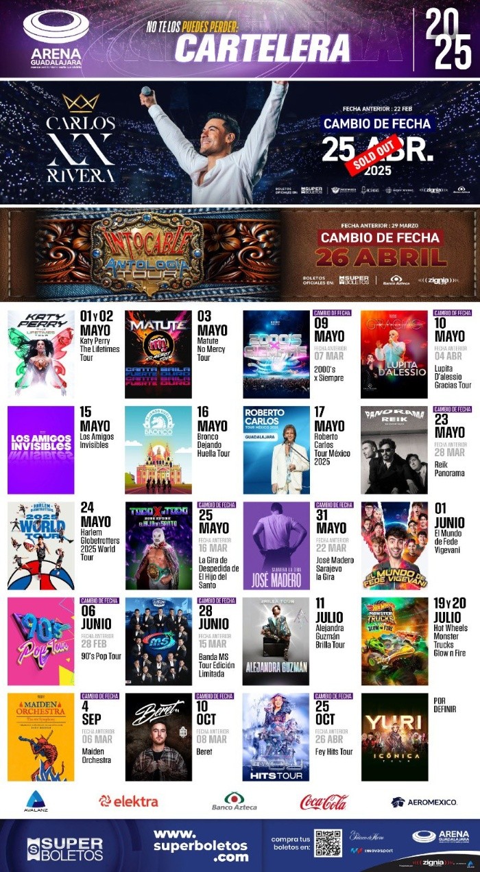 La esperada apertura de la Arena Guadalajara cambiará de fecha. Originalmente prevista para el 22 de febrero la inauguración del recinto a cargo de Carlos Rivera, se reprogramó para el 25 de abril de 2025, según informó la organización en un comunicado oficial."La Arena Guadalajara anuncia sus nuevas fechas para el inicio de operaciones que será el 25 de abril del 2025. Esto debido a que estamos optimizando el recinto más cómodo, tecnológico e innovador de América", se lee en el mensaje.La administración del recinto explicó que este ajuste permitirá realizar mejoras finales y garantizar que la arena cumpla con los estándares de calidad que la caracterizan. Además, aseguraron que el objetivo es ofrecer un espacio seguro y cómodo para albergar eventos de talla internacional.El cambio de fecha de inauguración impactó la agenda de varios espectáculos previamente anunciados. A continuación, las nuevas fechas oficiales:Yuri originalmente estaba programada para el 21 de marzo, sin embargo la nueva fecha está por definirse.Los eventos que no están mencionados no sufren de cambio algunoLas personas que ya adquirieron boletos para cualquiera de estos eventos podrán utilizarlos en las nuevas fechas sin necesidad de cambios adicionales.Sin embargo, quienes prefieran solicitar un reembolso podrán hacerlo entre el 1 de febrero y el 15 de marzo de 2025, enviando su solicitud al correo reembolsos@superboletos.com con los siguientes requisitos:El tiempo de respuesta para el trámite de reembolso será de 4 a 7 días hábiles. NA
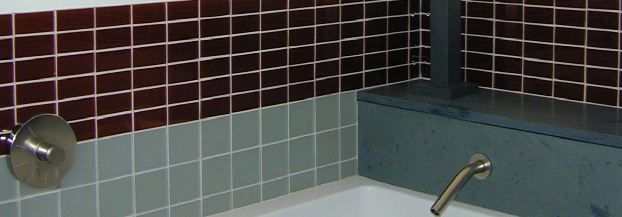 Clean lines and a contemporary design with glass tile and modern plumbing fixtures.
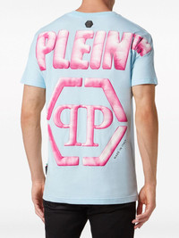 Hexagon logo-print cotton T-shirt Highlights - Light blue/rose pink - Cotton - Logo print at the chest - Logo print to the rear - Logo patch to the rear - Round neck - Short sleeves - Straight hem Made in Italy Composition Cotton 100% Washing instructions Read Manufacturer Guidelines
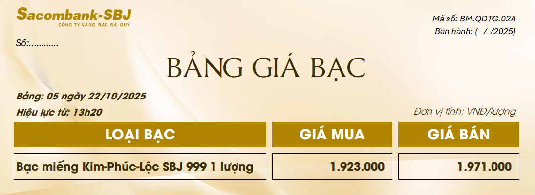 Bảng Tỷ Giá Bạc - Ngày 22/10/2025 - Bảng 5
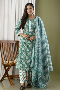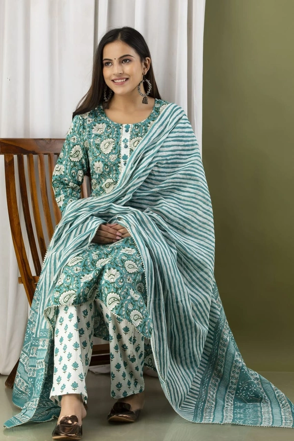 1️⃣3️⃣Straight Kurti  With  Pant and mulmul Dupatta
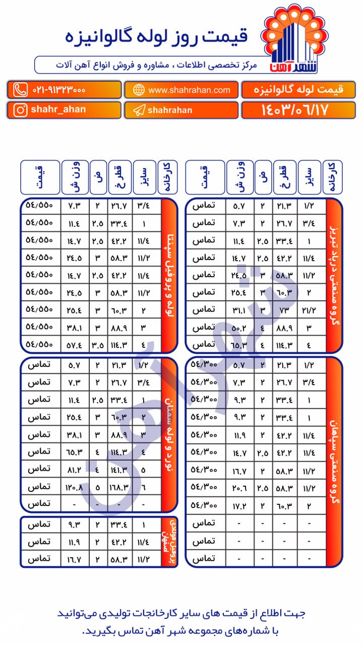 قیمت لوله گالوانیزه 🗓 17 #شهریور 1403 #لوله #گالوانیزه #لوله_گالوانیزه 📞شماره تماس با مجموعه 👇 02191323000 🔸مشاهده قیمت به روز کلیه کارخانجات 👇 www.shahrahan.com 📣کانال تلگرام 👇 https://t.me/shahrahan 🌍آدرس مجموعه شهرآهن 👇 https://goo.gl/maps/JQsgAUrmvw8Bomy26
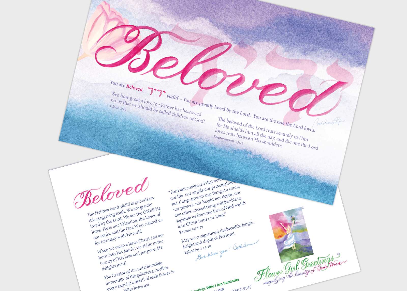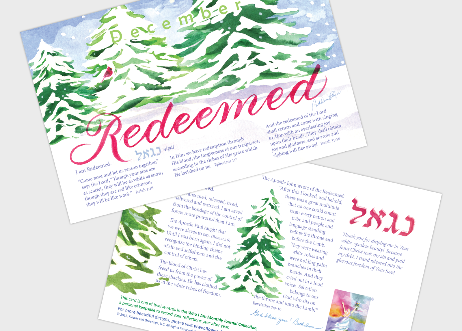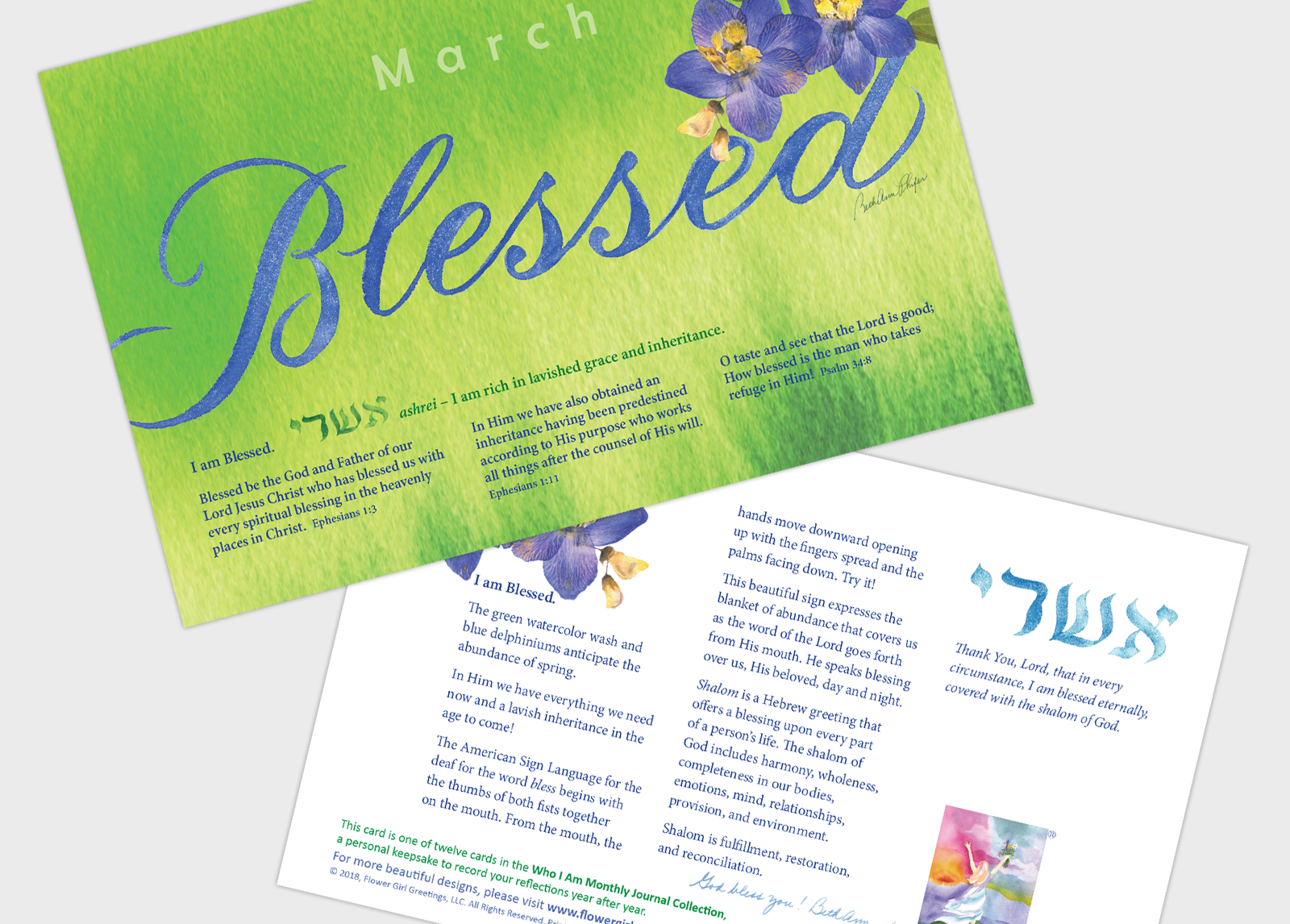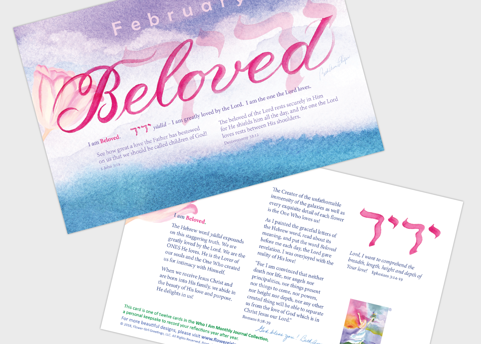 Six of the 12 prints from the Who I Am Journal Collection have been modified for this Collection to become greeting cards that focus on the recipient and are not associated with months of the year. As the artist, I send these cards often for birthdays, anniversaries, encouragement and all occasions! They are blank inside and include grace-filled devotionals on the back. Let someone know they are Beloved, Blessed, Beautiful to God, Hidden in His love, a Reflector of His grace, or Redeemed.
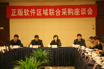 圖為財(cái)政國庫司政府采購辦公室主任王瑛(左三)、中央國家機(jī)關(guān)政府采購中心主任王力達(dá)(左二)在正版軟件區(qū)域聯(lián)合采購座談會上。資料照片 |
● ● ●
[Try it] Leave the pictures out and output the rest of the listing exactly.

[Result of the exercise]
 La esperada apertura de la Arena Guadalajara cambiará de fecha. Originalmente prevista para el 22 de febrero la inauguración del recinto a cargo de Carlos Rivera, se reprogramó para el 25 de abril de 2025, según informó la organización en un comunicado oficial."La Arena Guadalajara anuncia sus nuevas fechas para el inicio de operaciones que será el 25 de abril del 2025. Esto debido a que estamos optimizando el recinto más cómodo, tecnológico e innovador de América", se lee en el mensaje.La administración del recinto explicó que este ajuste permitirá realizar mejoras finales y garantizar que la arena cumpla con los estándares de calidad que la caracterizan. Además, aseguraron que el objetivo es ofrecer un espacio seguro y cómodo para albergar eventos de talla internacional.El cambio de fecha de inauguración impactó la agenda de varios espectáculos previamente anunciados. A continuación, las nuevas fechas oficiales:Yuri originalmente estaba programada para el 21 de marzo, sin embargo la nueva fecha está por definirse.Los eventos que no están mencionados no sufren de cambio algunoLas personas que ya adquirieron boletos para cualquiera de estos eventos podrán utilizarlos en las nuevas fechas sin necesidad de cambios adicionales.Sin embargo, quienes prefieran solicitar un reembolso podrán hacerlo entre el 1 de febrero y el 15 de marzo de 2025, enviando su solicitud al correo reembolsos@superboletos.com con los siguientes requisitos:El tiempo de respuesta para el trámite de reembolso será de 4 a 7 días hábiles. NA
 Clean lines and a contemporary design with glass tile and modern plumbing fixtures.
 Hexagon logo-print cotton T-shirt Highlights - Light blue/rose pink - Cotton - Logo print at the chest - Logo print to the rear - Logo patch to the rear - Round neck - Short sleeves - Straight hem Made in Italy Composition Cotton 100% Washing instructions Read Manufacturer Guidelines
 Bảng Tỷ Giá Bạc - Ngày 22/10/2025 - Bảng 5
 1️⃣3️⃣Straight Kurti  With  Pant and mulmul Dupatta
 قیمت لوله گالوانیزه 🗓 17 #شهریور 1403 #لوله #گالوانیزه #لوله_گالوانیزه 📞شماره تماس با مجموعه 👇 02191323000 🔸مشاهده قیمت به روز کلیه کارخانجات 👇 www.shahrahan.com 📣کانال تلگرام 👇 https://t.me/shahrahan 🌍آدرس مجموعه شهرآهن 👇 https://goo.gl/maps/JQsgAUrmvw8Bomy26
 Six of the 12 prints from the Who I Am Journal Collection have been modified for this Collection to become greeting cards that focus on the recipient and are not associated with months of the year. As the artist, I send these cards often for birthdays, anniversaries, encouragement and all occasions! They are blank inside and include grace-filled devotionals on the back. Let someone know they are Beloved, Blessed, Beautiful to God, Hidden in His love, a Reflector of His grace, or Redeemed.
 圖為財(cái)政國庫司政府采購辦公室主任王瑛(左三)、中央國家機(jī)關(guān)政府采購中心主任王力達(dá)(左二)在正版軟件區(qū)域聯(lián)合采購座談會上。資料照片 |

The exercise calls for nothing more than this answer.